Seamus Moynihan

Personal information
- Native name: Séamus Ó Muíneacháin (Irish)
- Nickname: Pony
- Born: 22 October 1973 (age 52) County Kerry
- Height: 5 ft 11 in (180 cm)

Sport
- Sport: Gaelic football
- Position: Centre Back

Club
- Years: Club
- 1980–2011: Glenflesk

Club titles
- Kerry titles: 3

College(s)
- Years: College
- UCC IT Tralee

College titles
- Sigerson titles: 4

Inter-county
- Years: County / Apps (scores)
- 1992–2006: Kerry / 61 (0–5)

Inter-county titles
- Munster titles: 8
- All-Irelands: 4
- All Stars: 3

= Seamus Moynihan =

Kerry Gaelic footballer

Séamus Moynihan is an Irish former Gaelic footballer from Shronedarraugh, a townland halfway between Barraduff and Glenflesk, County Kerry. He has played football for St Brendan's College, Glenflesk, East Kerry, University College Cork, Institute of Technology Tralee, Kerry Minor, U21 and Senior teams, Munster Railway Cup side and the Ireland international rules football team. He was a member of the Kerry Senior Football Panel from 1992 to 2006. He resides in Shronedarraugh with his wife Noreen, son Jamie and two daughters Clíona and Eve.

==Early life==
As an underage player, Moynihan idolised the style of Kerry All-Star forward John Egan and played for his local GAA club Glenflesk, secondary school team St Brendan's College, Killarney, and Kerry Minors and U21s. Moynihan's first inter-county success arrived at the age of 16 when he was part of the Kerry Minor team that claimed the Munster crown in 1990. 1992 was a pivotal year for Moynihan, when he lined out for the St Brendan's team that beat St Jarlath's College of Tuam to win the Hogan Cup in the All-Ireland Colleges Final and was also noticed on the Kerry U21 team that won out in Munster. It was about this time that Mickey 'Ned' O'Sullivan, former Kerry captain and later manager of the Limerick senior football team, began to talk to people about Moynihan's potential. Séamus Moynihan, aged just 18, made his senior debut at midfield for Kerry in the Munster Final, replacing Gneeveguilla veteran Ambrose O'Donovan. Playing alongside the likes of Kerry forward Eoin 'Bomber' Liston and midfield colossus Jack O'Shea, Kerry lost to a steely Clare side on a score of 2–10 to 0–12. It was O'Sullivan's last game in charge of the Kerry senior side.
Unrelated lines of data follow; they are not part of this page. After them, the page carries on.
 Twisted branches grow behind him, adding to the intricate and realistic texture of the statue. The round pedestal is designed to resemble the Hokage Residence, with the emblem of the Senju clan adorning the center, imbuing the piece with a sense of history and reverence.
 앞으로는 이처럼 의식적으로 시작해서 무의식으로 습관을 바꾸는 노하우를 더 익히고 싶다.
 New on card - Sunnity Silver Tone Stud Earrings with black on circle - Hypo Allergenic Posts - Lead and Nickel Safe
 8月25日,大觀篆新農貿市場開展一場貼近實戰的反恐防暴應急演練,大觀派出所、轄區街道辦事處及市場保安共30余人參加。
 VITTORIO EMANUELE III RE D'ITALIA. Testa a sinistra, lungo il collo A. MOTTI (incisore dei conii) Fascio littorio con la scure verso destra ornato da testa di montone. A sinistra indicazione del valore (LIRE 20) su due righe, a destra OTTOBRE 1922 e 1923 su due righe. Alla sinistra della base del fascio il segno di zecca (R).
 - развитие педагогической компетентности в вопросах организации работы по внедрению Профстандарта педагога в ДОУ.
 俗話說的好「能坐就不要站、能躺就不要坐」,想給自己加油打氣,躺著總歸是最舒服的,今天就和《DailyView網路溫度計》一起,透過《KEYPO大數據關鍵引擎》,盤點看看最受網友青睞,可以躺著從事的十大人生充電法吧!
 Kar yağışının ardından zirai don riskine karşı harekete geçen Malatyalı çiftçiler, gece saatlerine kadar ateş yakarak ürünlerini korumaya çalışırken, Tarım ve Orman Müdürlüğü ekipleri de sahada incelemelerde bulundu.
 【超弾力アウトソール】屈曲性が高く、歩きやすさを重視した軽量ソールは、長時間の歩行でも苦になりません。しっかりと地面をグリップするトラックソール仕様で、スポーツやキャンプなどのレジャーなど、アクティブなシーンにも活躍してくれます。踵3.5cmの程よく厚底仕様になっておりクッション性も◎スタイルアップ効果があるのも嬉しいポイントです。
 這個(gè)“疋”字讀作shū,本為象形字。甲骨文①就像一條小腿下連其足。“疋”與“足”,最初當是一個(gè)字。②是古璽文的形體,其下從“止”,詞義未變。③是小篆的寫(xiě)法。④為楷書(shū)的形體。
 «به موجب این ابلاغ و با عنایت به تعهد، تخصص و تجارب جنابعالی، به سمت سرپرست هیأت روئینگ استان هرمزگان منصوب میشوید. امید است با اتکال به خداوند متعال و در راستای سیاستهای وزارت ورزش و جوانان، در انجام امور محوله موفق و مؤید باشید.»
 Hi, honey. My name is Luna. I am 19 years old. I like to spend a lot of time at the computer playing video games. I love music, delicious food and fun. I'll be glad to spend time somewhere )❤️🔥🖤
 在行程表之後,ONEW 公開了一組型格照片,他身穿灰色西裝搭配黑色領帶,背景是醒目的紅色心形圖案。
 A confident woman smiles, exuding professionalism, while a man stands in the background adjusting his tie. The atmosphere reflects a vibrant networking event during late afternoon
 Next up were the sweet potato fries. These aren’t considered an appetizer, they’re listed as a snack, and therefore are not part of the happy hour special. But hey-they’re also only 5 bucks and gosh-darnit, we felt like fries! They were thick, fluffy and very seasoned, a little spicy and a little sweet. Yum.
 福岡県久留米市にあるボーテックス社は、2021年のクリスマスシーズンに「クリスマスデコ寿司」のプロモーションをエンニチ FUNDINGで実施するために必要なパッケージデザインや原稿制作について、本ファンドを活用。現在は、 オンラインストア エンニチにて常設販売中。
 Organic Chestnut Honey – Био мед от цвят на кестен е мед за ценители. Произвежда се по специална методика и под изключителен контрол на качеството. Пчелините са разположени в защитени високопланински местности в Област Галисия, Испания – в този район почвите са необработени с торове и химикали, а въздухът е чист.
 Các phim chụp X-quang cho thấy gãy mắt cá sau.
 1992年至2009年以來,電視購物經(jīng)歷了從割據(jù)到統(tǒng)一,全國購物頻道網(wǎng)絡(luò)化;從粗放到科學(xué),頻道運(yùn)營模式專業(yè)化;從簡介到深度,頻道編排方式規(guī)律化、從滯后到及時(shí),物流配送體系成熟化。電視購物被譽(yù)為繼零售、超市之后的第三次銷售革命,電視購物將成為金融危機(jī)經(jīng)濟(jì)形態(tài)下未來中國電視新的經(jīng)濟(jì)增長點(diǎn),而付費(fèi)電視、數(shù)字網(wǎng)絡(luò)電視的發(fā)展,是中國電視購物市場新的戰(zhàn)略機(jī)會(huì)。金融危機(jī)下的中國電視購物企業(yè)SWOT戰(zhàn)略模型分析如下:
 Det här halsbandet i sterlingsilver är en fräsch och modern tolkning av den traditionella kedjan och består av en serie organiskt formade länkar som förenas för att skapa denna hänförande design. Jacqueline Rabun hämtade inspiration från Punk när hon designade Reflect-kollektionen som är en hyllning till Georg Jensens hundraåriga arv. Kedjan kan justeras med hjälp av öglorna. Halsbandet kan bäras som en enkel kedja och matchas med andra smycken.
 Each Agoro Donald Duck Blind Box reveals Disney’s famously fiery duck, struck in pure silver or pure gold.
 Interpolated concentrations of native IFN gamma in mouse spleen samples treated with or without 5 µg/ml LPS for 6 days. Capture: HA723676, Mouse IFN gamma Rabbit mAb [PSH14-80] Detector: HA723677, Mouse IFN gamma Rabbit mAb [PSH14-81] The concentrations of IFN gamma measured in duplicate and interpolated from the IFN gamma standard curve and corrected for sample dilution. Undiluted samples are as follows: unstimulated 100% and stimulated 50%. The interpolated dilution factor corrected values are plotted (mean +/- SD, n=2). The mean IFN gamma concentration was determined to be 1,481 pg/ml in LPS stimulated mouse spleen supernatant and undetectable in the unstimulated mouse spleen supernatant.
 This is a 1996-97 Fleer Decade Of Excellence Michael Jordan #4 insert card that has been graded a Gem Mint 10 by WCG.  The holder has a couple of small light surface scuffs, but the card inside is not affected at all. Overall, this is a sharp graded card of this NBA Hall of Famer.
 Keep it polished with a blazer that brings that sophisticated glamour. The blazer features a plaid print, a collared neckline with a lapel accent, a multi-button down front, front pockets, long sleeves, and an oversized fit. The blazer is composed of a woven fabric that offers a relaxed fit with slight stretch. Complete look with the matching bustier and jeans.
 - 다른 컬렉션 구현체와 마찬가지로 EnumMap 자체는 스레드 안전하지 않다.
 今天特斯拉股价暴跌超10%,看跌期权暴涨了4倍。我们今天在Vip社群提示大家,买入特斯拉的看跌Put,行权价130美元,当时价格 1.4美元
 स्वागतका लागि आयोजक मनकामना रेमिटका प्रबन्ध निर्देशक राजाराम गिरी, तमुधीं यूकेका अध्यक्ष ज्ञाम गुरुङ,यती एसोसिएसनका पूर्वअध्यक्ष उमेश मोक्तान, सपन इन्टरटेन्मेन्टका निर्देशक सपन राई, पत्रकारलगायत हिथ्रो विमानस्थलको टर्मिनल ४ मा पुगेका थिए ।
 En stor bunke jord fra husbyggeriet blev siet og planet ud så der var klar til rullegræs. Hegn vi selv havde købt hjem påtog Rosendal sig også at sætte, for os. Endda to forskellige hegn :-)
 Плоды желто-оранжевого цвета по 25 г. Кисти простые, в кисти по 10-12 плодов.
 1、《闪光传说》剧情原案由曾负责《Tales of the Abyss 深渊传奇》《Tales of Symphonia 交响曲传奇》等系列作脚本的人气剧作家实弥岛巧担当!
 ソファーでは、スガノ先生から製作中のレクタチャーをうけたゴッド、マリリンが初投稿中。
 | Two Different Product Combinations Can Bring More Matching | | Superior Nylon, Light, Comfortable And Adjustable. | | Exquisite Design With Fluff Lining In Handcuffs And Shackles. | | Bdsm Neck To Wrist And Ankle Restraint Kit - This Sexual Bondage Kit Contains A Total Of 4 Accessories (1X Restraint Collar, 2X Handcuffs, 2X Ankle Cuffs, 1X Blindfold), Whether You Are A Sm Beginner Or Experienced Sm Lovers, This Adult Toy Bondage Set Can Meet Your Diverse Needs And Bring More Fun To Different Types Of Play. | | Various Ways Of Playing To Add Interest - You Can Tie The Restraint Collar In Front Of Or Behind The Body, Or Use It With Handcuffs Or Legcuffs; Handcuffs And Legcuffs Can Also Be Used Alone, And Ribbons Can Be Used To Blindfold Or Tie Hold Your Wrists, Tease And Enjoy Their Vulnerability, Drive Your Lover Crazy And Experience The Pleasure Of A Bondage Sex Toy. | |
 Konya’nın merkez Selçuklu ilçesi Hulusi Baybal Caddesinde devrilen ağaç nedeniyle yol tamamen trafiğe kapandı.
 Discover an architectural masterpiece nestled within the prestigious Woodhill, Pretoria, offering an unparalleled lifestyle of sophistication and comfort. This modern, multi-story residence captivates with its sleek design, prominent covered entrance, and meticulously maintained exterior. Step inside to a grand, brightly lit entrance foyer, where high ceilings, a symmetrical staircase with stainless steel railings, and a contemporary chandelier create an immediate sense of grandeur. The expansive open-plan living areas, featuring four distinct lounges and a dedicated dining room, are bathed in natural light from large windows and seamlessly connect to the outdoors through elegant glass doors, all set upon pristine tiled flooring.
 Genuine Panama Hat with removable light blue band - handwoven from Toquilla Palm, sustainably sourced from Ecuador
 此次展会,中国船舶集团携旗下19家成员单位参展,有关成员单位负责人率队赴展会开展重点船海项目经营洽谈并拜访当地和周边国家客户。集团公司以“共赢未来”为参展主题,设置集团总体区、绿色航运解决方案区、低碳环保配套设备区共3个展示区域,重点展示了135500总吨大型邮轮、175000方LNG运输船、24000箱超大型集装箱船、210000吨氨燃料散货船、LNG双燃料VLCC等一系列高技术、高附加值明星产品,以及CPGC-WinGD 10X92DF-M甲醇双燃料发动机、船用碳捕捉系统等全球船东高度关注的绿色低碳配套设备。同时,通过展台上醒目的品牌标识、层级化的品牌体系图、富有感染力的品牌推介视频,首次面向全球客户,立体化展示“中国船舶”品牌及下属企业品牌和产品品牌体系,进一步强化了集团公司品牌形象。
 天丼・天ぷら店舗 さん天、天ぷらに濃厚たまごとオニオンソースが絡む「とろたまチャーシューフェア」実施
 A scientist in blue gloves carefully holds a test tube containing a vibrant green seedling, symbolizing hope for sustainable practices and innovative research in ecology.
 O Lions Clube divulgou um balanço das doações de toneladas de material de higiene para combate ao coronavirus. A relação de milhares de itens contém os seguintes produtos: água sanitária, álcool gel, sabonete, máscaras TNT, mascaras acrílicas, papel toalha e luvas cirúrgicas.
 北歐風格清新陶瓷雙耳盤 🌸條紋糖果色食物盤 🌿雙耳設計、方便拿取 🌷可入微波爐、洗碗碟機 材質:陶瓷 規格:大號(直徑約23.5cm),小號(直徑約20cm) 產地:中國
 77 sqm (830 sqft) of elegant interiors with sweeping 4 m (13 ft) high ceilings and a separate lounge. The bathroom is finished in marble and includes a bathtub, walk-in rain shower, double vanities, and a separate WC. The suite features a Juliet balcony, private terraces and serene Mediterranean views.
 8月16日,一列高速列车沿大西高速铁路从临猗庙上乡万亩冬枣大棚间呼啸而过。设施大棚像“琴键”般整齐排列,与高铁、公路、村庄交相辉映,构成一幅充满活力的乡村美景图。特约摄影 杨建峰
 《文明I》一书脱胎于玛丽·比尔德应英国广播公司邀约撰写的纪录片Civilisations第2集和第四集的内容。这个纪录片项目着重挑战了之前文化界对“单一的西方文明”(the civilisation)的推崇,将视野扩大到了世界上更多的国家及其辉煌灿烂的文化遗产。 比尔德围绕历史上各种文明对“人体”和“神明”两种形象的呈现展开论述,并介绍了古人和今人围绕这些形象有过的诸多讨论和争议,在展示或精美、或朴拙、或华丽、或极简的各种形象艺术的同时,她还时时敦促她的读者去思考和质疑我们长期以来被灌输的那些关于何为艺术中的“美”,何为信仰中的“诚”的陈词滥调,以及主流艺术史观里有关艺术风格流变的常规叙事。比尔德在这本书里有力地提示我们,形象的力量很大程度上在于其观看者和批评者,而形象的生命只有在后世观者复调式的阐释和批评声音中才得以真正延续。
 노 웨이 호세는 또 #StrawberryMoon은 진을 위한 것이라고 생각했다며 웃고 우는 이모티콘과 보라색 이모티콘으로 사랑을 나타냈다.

==Formative career: 1992–1996==
During the 1992 and 1993 campaigns, Moynihan was tried at half back, midfield and half forward before settling into the half back line. The next 3 championship seasons were unsettling from a Kerry viewpoint as 3 straight defeats by Cork in the 1993, 1994 and 1995 Munster Finals saw the Kerry seniors eyeballing a 10-year low. Despite this disappointing level of achievement at inter-county level, Séamus Moynihan was beginning a strong run of success at Sigerson Cup level, playing for U.C.C. in the 1994 and 1995 finals; then returning 2 years later in 1997 and 1998 whilst studying for a master's degree at IT Tralee to collect more winner's medals.

==Retirement and plaudits==
Moynihan announced his retirement from inter-county football on Saturday, 23 September 2006 through an article in The Irish Times. On the following Monday, Kerry team manager Jack O'Connor hailed Moynihan as "a one-off player" and said Kerry football would never see his like again. He also stated that Séamus was an inspiration to the entire Kerry team, particularly the younger players and that he would be missed. Announcing his decision to quit lining out for Kerry, Moynihan said: "All good things come to an end."
On 18 December 2011, Séamus announced his retirement from club football after over 20 years of service for the Glenflesk senior football team.

==Honours==
Moynihan won four All-Ireland medals, three National Leagues, nine Munster championship medals, four Sigerson Cup medals, three GAA All-Stars, one Railway Cup medal and one Division 2 title. He also won three county championship medals with East Kerry and captained his country in the International Rules series.

In May 2020, a public poll conducted by RTÉ.ie named Moynihan in the full-back line alongside Páidi and Marc Ó Sé in a team of footballers who had won All Stars during the era of The Sunday Game.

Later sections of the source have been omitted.